I really thank you lots for your response. One last precision.
In a multiple linear regression we can get a negative R^2. Indeed, if the chosen model fits worse than a horizontal line (null hypothesis), then R^2 is negative. Now, I have fitted an ordinal logistic regression. I get the Nagelkerke pseudo R^2 =0.066 (6.6%). I use the validate() function from the rms R package to obtain the population corrected index (calculated by bootstrap) and I get a negative pseudo R^2 =-0.0473 (-4.73%).
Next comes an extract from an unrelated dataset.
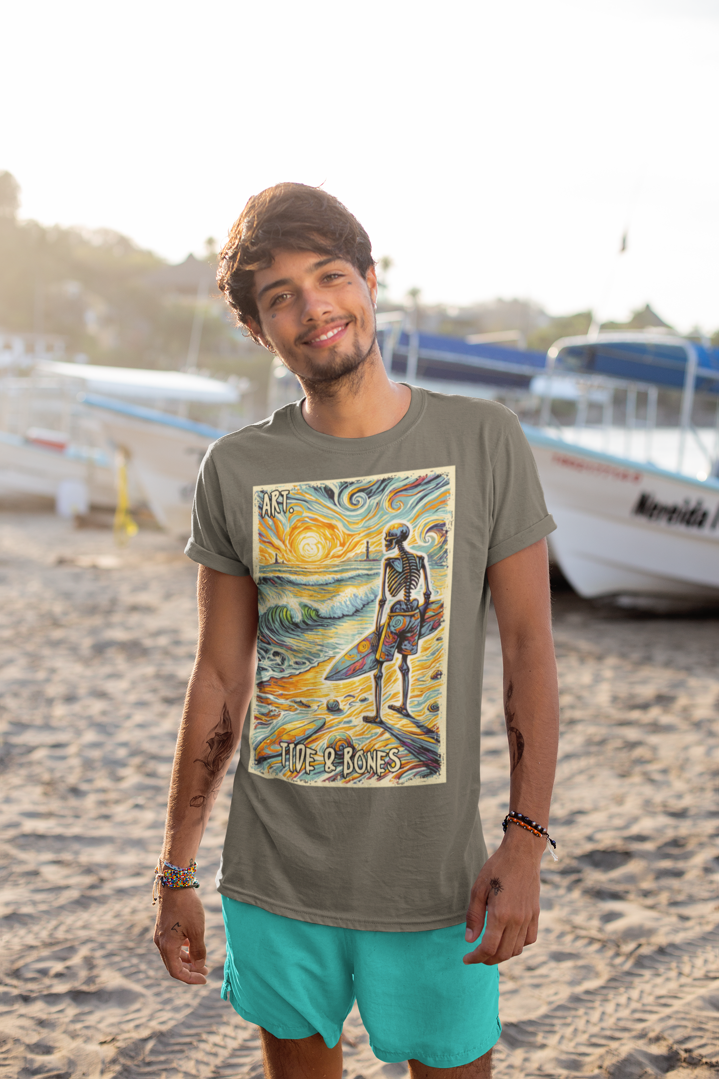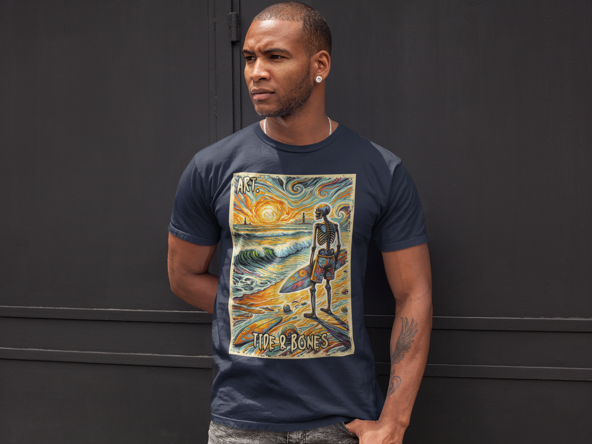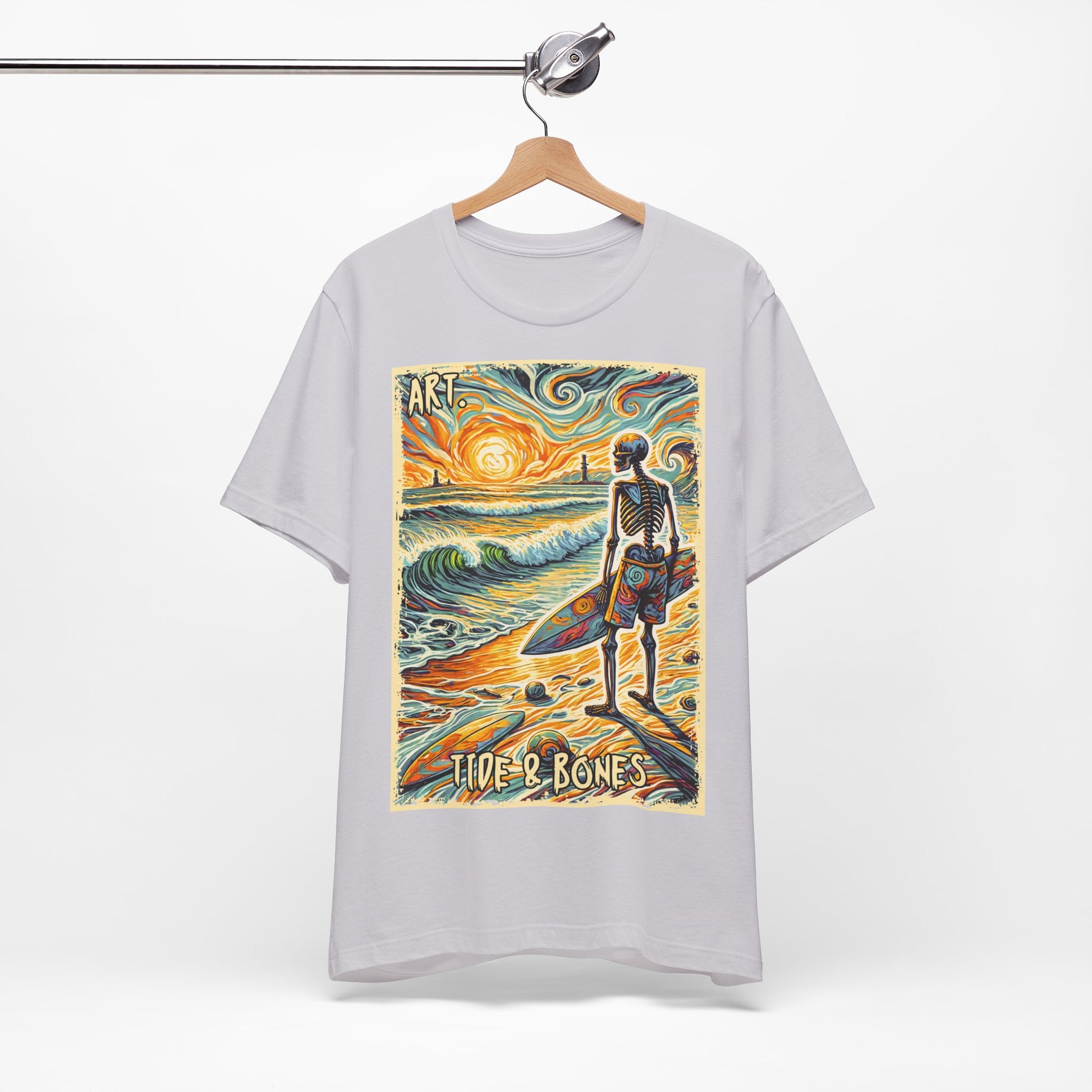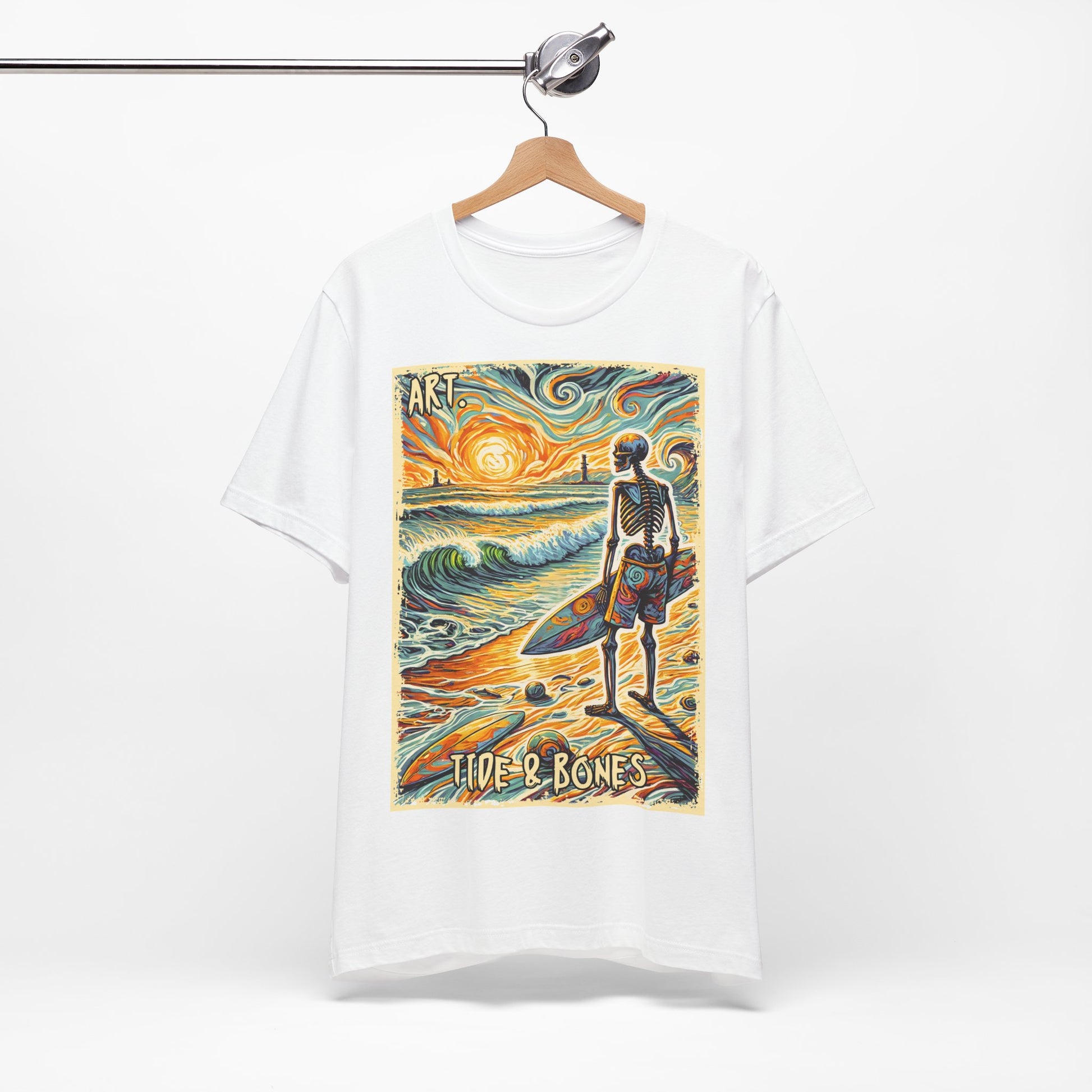 A stunning Sunset Skeleton Art design T-Shirt by Tide & Bones, featuring a skeleton looking out to sea. Very artistic and perfect for those who enjoy unique and edgy designs.

How can we explain that the pseudo R^2 can be negative ?

• In linear regression, the standard R^2 cannot be negative. The adjusted R^2 can however be negative.

If the validate function does what I think (use bootstrapping to estimate the optimism), then I guess it is just taking the naive Nagelkerke R^2 and then subtracting off the estimated optimism, which I suppose has no guarantee of necessarily being non-negative. The interpretation I suppose then for your negative value is that your model doesn't appear to have much (any) predictive ability.